As head of the mobile robotics Lab at the University of Michigan, Johann
Borenstein helps robots get around, and none of them can see a thing. "It's
always been obvious," he says, "that the technology we have here could be
useful to a blind person." A few years ago, Borenstein took a sonar device
dint helped one of his robots avoid obstacles and adapted it for humans. He
translated the sonar's ultrasonic echoes into audible tones and fed them to
stereo headphones. It didn't work. Blind users trying to interpret those
cues quickly grew frustrated. Apparently getting a machine to detect
obstacles is no big deal, but having it give directions to a human is.

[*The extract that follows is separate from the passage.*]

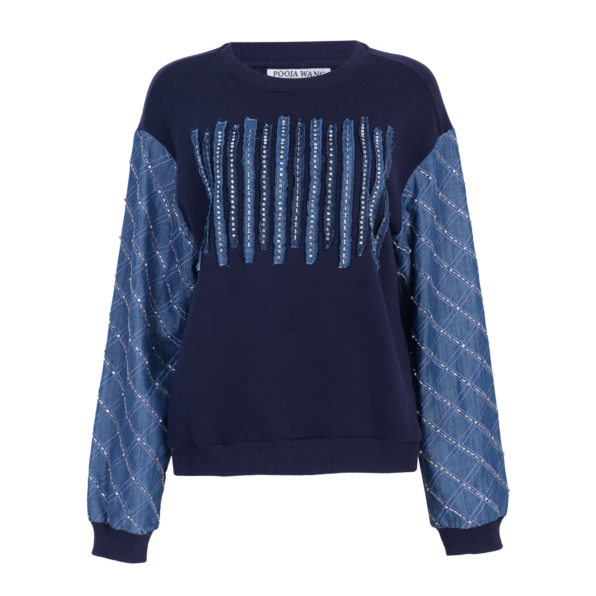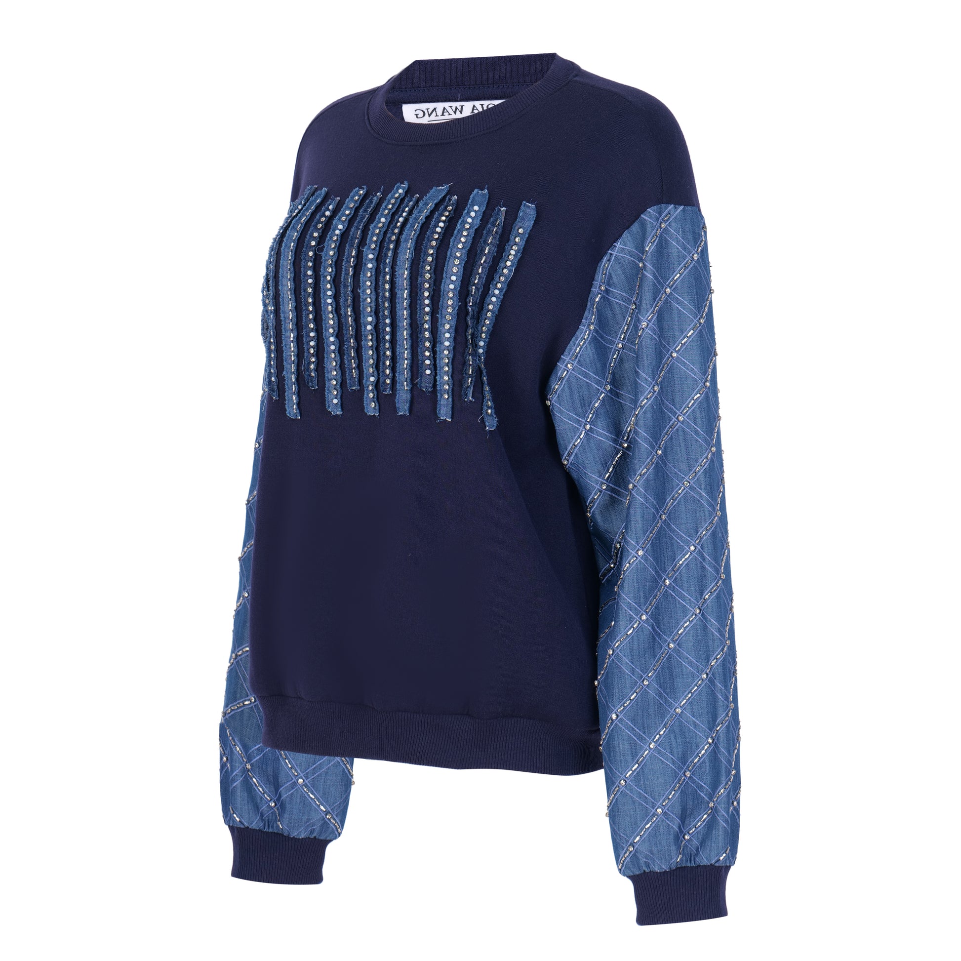 Elevate casual fashion with our Blue Sweatshirt with Denim Sleeves & Crystal Work, a unique blend of comfort and sparkle. Designed for trendsetters, this sweatshirt combines soft fabric with rugged denim and shimmering crystal embellishments for a chic, standout look. Key Features: 1. Stylish Blue Sweatshirt – A versatile and trendy wardrobe essential. 2. Denim Sleeves for a Unique Touch – Adds a cool, edgy contrast to the design. 3. Sparkling Crystal Embellishments – A subtle shimmer for a glamorous effect. 4. Soft & Comfortable Fabric – Ensures all-day coziness and ease of movement. 5. Perfect for Casual & Trendy Looks – Ideal for outings, playdates, and stylish layering.

Whether you can see or not, you want something as intuitive as a tug on a
leash.

From here, building the device was relatively simple. A graduate student
mounted a sonar device to a pair of wheels, like an upright vacuum cleaner,
that would take evasive turns, left or right, steering you around an
obstacle, and then continue in the original direction. Borenstein never
intended to reinvent the Seeing Eye dog, but that is exactly where the logic
of the problem led him. So how does his eight-pound GuideCane stack up
against its canine competition? "It's much less expensive than a good guide
dog," about 4,000, he estimates, versus $14,000 for a dog. And his machine
doesn't need to be fed or relieve itself. "Many people who are blind," he
adds, "find it difficult to take care of a dog. But of course, GuideCane
gives no companionship."

Borenstein demonstrated his GuideCane in August 1997, but it still needs
tweaking: it has a habit of deviating from sidewalks and cutting across
lawns. And it would be better, sometimes, not to avoid an obstacle, such as
a wall that happens to have a door. If Borenstein also succeeds in including
global positioning satellite navigation, you could simply say, "Go to the
supermarket on Main Street," and GuideCane would escort you there.